Rachel remembers trips to the dollar store at Christmastime as a little girl, picking out a new set of shakers for her grandmother, eager to see Sharon’s sweet face when she opened her present.

Sharon didn’t travel widely, but her sisters did, and they sent shakers from faraway places like the Bahamas. Sharon’s stepdaughter, living in the Lonestar State, sent Texas-themed shakers. Sharon received sets from Japan and England. There is an old wooden set from Guantanamo Bay in Cuba, created long ago.

There were one-of-a-kind sets, like the one Rachel’s hunter dad crafted out of the bottom part of deer antlers. “Those were her favorite,” Rachel says. “Her collection brought her so much joy. They were little, not too expensive things; she wasn’t concerned with the material aspect. But she could tell you the story behind every set, and who had given it to her. I think she looked at the shakers, and she saw her family who had given them to her. I think she saw love.”

Rachel’s mom has the bulk of the collection. Rachel picked out sixty of her grandmother’s salt and pepper shakers to keep, including the antique honey-colored set that Sharon’s mother had given her. Her sister Sara has eighty. Rachel’s five-year-old son wanted his Mawmaw’s set depicting NASA astronauts. He’s fascinated by space and planets. It’s become one of his favorite things.

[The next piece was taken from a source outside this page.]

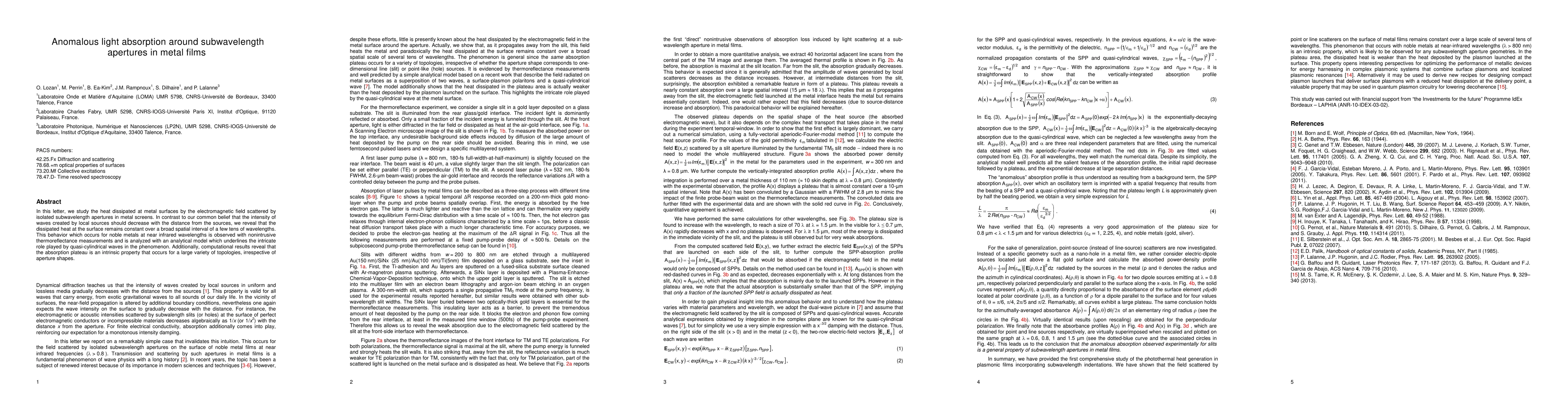 In this work, we study the heat dissipated at metal surfaces by the electromagnetic field scattered by isolated subwavelength apertures in metal screens. In contrast to our common belief that the intensity of waves created by local sources should decrease with the distance from the sources, we reveal that the dissipated heat at the surface remains constant over a broad spatial interval of a few tens of wavelengths. This behavior which occurs for noble metals at near infrared wavelengths is observed with nonintrusive thermoreflectance measurements and is analyzed with an analytical model which underlines the intricate role played by quasi-cylindrical waves in the phenomenon. Additionally, computational results reveal that the absorption plateau is an intrinsic property that occurs for a large variety of topologies, irrespective of aperture shapes.

The set Rachel bought her grandmother in Nashville, during her senior year in high school, has come back to her. Rachel found the shakers at the renowned Ryman Auditorium, a mecca for country music stars. On that same trip, she and her parents waited in line one whole day at the equally famous Bluebird Café, for a chance for Rachel to sing there. She made the cut, singing an original song she’d written about moving to Nashville to follow her dreams.

Turns out, Rachel’s dreams were closer to home. She’s always lived in Yell County, and Sharon lived there from the sunrise of her life until its evening shadow. There’s something to be said about small towns and simple joys. About living near the people who love you best. On both Rachel and Sara’s wedding day, the girls woke to the sound of Sharon in the kitchen. She’d made biscuits and chocolate gravy. She must have wanted them to have the perfect start to the sweetest day.

Salt and pepper shakers are simple, utilitarian objects. But what they hold is beyond price. Salt, for instance, was used as currency in ancient times, as a preservative for food, and even to heal wounds. Symbolically, salt is seen as unity and balance.

In the Bible, in the Book of Matthew, Christians are called the salt of the earth. Sharon was surely that. The spice of life. If she had a little pepper in her soul, that likely accounted for her good humor and joking nature.

Sharon Kay Tidwell arrived on the planet in 1944, and for eighty years, she united a family, practiced her faith, and found joy in the simplest things. Now, her treasures are in the hands of those who loved her most, a symbol of a life well lived.